There’s something deeply wrong with the world. We all know that.  

Which, presumably, is what Jacob Elordi is getting at – he’s observing bad people not feeling bad enough about the bad that they do, or worse still, the bad that they are. A healthy dose of shame is the medicine that this world needs, he suggests. 

Oh Jacob, I sympathise with that. The thing is, I have a hunch that the presence of shame makes as many monsters as the absence of it.  

And Zadie, I wonder if shame births as much destruction as it does ‘correction’.  

While I agree with you both that, in a world as broken as ours, shame needs to exist in some form or another, it also needs an antidote. It’s a dangerous substance; toxic and destructive. Don’t let it fool you, don’t be over-generous to it – shame may (in its most moderate and appropriate forms) be an acknowledgment of the disease, but it is not the medicine. It could only ever be ‘useful’ if it is, ultimately, defeatable.  

At least, that’s my – admittedly very Christian – conviction.

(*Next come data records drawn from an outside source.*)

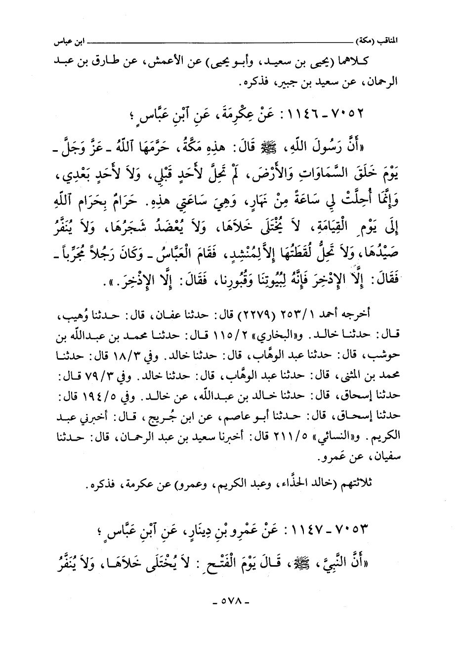 أَنَّ رَسُولَ اللَّهِ صلى الله عليه وسلم قَالَ هَذِهِ مَكَّةُ حَرَّمَهَا اللَّهُ عَزَّ وَجَلَّ يَوْمَ خَلَقَ السَّمَوَاتِ وَالأَرْضَ لَمْ تَحِلَّ لأَحَدٍ قَبْلِى وَلَا لأَحَدٍ بَعْدِى وَإِنَّمَا أُحِلَّتْ لِى سَاعَةً مِنْ نَهَارٍ وَهِىَ سَاعَتِى هَذِهِ حَرَامٌ بِحَرَامِ اللَّهِ إِلَى يَوْمِ الْقِيَامَةِ لَا يُخْتَلَى خَلَاهَا وَلَا يُعْضَدُ شَجَرُهَا وَلَا يُنَفَّرُ صَيْدُهَا وَلَا تَحِلُّ لُقَطَتُهَا إِلَاّ لِمُنْشِدٍ فَقَامَ الْعَبَّاسُ وَكَانَ رَجُلاً مُجَرِّبًا فَقَالَ إِلَاّ الإِذْخِرَ فَإِنَّهُ لِبُيُوتِنَا وَقُبُورِنَا. فَقَالَ إِلَاّ الإِذْخِرَ.
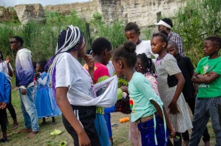 Emily Caldwell from Philipines playing with Macecall children (Macecall Chidren’s Home Meru) during Talento visit at the home.
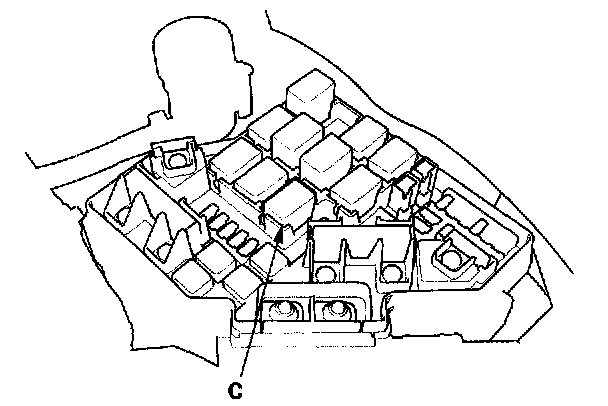 11. Remove PGM-FI main relay 1 (C) from the under-hood fuse/relay box.

That’s my take. I can’t pretend that it’s not as theological as it is sociological in its underpinnings. 

I’m relatively new to the liturgical aspects of my own faith tradition (that is, the formalised scripts, actions and rituals that have long fuelled religious experience) , so I have the pleasure of not being numb to them. When I read the ancient words of ancient prayers, they shoot right through me, particularly these ones:  

‘Almighty God, our heavenly Father, we have sinned against you and against our neighbour in thought and word and deed, through negligence, through weakness, through our own deliberate fault...’ 

Ouch.  

As I read those words, week in and week out, my brain creates a helpful montage for me – whirring through the countless ways in which I have failed – in what I think, what I say, what I do. I’m confronted with the ways that my breaking-things-ness has leaked out of me through my negligence, it’s spilled out of my weakness, the force of it directed at others through my own deliberate fault.  

Oh yes, I’m well acquainted with the emotion of shame.  

But the only thing productive/appropriate/corrective about falling on my face in shame, is that there is a mercy that can scoop me up. It’s not hopeless, you see? There’s a mend-ability. There’s an antidote to shame; there’s a balm for its burn. There’s a bewildering love that banishes shame from within me – there’s a rescue route from its toxic spiral.  

The moment that shame is acknowledged, its presence verbalised, its power felt – is the very moment it needs to be neutralised. It cannot fester, it cannot be afforded the loudest, nor the last, say.  

And so, to Jacob Elordi’s interesting wish – that ‘people could experience shame a little heavier’, and to Zadie Smith’s fascinating thesis that ‘shame is a kind of productive thing to create change’- I hear you. I see what you’re getting at. But I can only ever wish people to experience the heaviness of shame if it means that they are more sensitive to the feeling of it being undeservedly lifted off them. That’s where change happens. That’s the medicine.  

So, Jacob and Zadie, let’s agree to half-agree on this one, shall we?